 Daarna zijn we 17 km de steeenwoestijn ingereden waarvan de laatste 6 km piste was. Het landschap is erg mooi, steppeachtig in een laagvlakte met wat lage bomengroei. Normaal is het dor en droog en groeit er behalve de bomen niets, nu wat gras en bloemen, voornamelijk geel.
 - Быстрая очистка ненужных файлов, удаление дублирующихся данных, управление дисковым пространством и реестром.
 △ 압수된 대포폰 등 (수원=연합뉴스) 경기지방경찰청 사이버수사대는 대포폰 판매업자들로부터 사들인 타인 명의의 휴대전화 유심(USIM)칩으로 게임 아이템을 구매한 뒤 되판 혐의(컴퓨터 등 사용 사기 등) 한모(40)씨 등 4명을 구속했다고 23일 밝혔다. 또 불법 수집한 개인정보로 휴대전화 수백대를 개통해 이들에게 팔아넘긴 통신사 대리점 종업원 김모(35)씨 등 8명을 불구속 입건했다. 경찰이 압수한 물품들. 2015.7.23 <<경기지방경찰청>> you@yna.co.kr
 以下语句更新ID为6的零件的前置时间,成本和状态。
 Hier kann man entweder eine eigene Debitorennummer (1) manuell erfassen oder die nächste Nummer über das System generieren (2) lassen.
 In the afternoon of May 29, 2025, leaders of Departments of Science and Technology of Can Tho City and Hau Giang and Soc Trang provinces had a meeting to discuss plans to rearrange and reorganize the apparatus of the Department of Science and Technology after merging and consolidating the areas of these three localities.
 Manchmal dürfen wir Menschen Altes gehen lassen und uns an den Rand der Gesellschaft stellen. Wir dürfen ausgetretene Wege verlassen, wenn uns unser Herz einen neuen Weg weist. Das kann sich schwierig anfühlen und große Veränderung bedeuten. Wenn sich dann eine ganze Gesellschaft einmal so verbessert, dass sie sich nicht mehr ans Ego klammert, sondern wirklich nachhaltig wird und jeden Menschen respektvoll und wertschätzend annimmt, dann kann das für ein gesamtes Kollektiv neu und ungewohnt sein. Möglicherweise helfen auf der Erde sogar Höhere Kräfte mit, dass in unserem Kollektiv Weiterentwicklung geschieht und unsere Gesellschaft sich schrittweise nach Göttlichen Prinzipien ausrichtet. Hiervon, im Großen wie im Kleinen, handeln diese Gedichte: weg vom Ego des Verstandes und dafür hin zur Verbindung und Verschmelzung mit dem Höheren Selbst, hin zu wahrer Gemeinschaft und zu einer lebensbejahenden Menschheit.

TASK GOAL - Start with the line above that contains "- Быстрая очистка" and stop after the line that contains "Hier kann man". Output those lines exactly, and only those.

THE COMPLETED TASK -
 - Быстрая очистка ненужных файлов, удаление дублирующихся данных, управление дисковым пространством и реестром.
 △ 압수된 대포폰 등 (수원=연합뉴스) 경기지방경찰청 사이버수사대는 대포폰 판매업자들로부터 사들인 타인 명의의 휴대전화 유심(USIM)칩으로 게임 아이템을 구매한 뒤 되판 혐의(컴퓨터 등 사용 사기 등) 한모(40)씨 등 4명을 구속했다고 23일 밝혔다. 또 불법 수집한 개인정보로 휴대전화 수백대를 개통해 이들에게 팔아넘긴 통신사 대리점 종업원 김모(35)씨 등 8명을 불구속 입건했다. 경찰이 압수한 물품들. 2015.7.23 <<경기지방경찰청>> you@yna.co.kr
 以下语句更新ID为6的零件的前置时间,成本和状态。
 Hier kann man entweder eine eigene Debitorennummer (1) manuell erfassen oder die nächste Nummer über das System generieren (2) lassen.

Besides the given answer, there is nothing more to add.